2022-09-02 15:07:08.813 ERROR 10024 --- [nio-8006-exec-1] o.h.i.ExceptionMapperStandardImpl : HHH000346: Error during managed flush [org.hibernate.exception.ConstraintViolationException: could not execute batch]
2022-09-02 15:07:08.821 ERROR 10024 --- [nio-8006-exec-1] o.a.c.c.C.[.[.[.[dispatcherServlet] : Servlet.service() for servlet [dispatcherServlet] in context with path [/demo] threw exception [Request processing failed; nested exception is org.springframework.dao.DataIntegrityViolationException: could not execute batch; SQL [insert into user_info (create_time, login_name, update_time, id) values (?, ?, ?, ?)]; constraint [user_info_login_name_idx]; nested exception is org.hibernate.exception.ConstraintViolationException: could not execute batch] with root cause
org.postgresql.util.PSQLException: ERROR: duplicate key value violates unique constraint "user_info_login_name_idx"
详细:Key (login_name)=(6666666666) already exists.
从日志分析并发执行流程如下:
1)线程1先开启了事务,随机休眠时间是3739毫秒;
2)线程2后开启事务,随机休眠时间是2067毫秒,所以线程2先拿到了锁并执行了写入,释放锁。
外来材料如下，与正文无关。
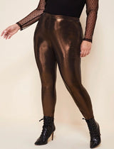 Glamorous chocolate brown liquid metallic leggings. Very comfortable fit with an elastic waist. Tons of stretch.

3)线程1拿到了锁,查不到线程2已经入库的数据,也执行了写入,导致数据库返回唯一约束冲突。
三、解决方案一
通常来说,还是建议将事务声明在锁内,例如下面图三所示。
图三
但是这个也不是绝对的最佳方案,例如加锁内的方法被使用的很多,锁向上移动改造的成本太高;或者由于加锁范围的扩大影响了服务性能,都不适合使用这种方案。
四、解决方案二
当分布式锁上移的方案不适合具体业务场景的时候,还可以使用事务传播模式为REQUIRES_NEW方案来实现。
图四
1.业务流程:
1)线程1执行方法A,获得事务版本号N;
2)线程2执行方法A,获取事务版本号N+1(此处事务版本号+1只是表示获得了更大的事务版本号);
3)线程2获得锁,执行方法B,获得方法B的事务版本号M,完成方法B后提交其事务,并释放锁;
4)线程2继续执行方法A;
5)线程1获得锁,执行方法B,获得方法B的事务版本号M+1,完成业务B后提交其事务,并释放锁;
6)线程2继续执行方法A。
2.缺点和解决办法:
1)这种方案要求锁内是独立的业务,可以单独保证数据一致性。另外,在外部事务后续还有业务代码要执行的场景中,要考虑处理外部事务回滚后,锁内业务的回滚处理。
2)spring-tx包中提供了事务同步管理器:TransactionSynchronizationManager,可以实现在使用加锁方法时注册一个同步事件来外部监听事务,当外面的事务发生完成会执行事件中的内容,我们就可以在这个里面做手动回滚。
TransactionSynchronizationManager.registerSynchronization(new TransactionSynchronization() {
@Override
public void afterCommit() {
}
@Override
public void afterCompletion(int status) {
}
});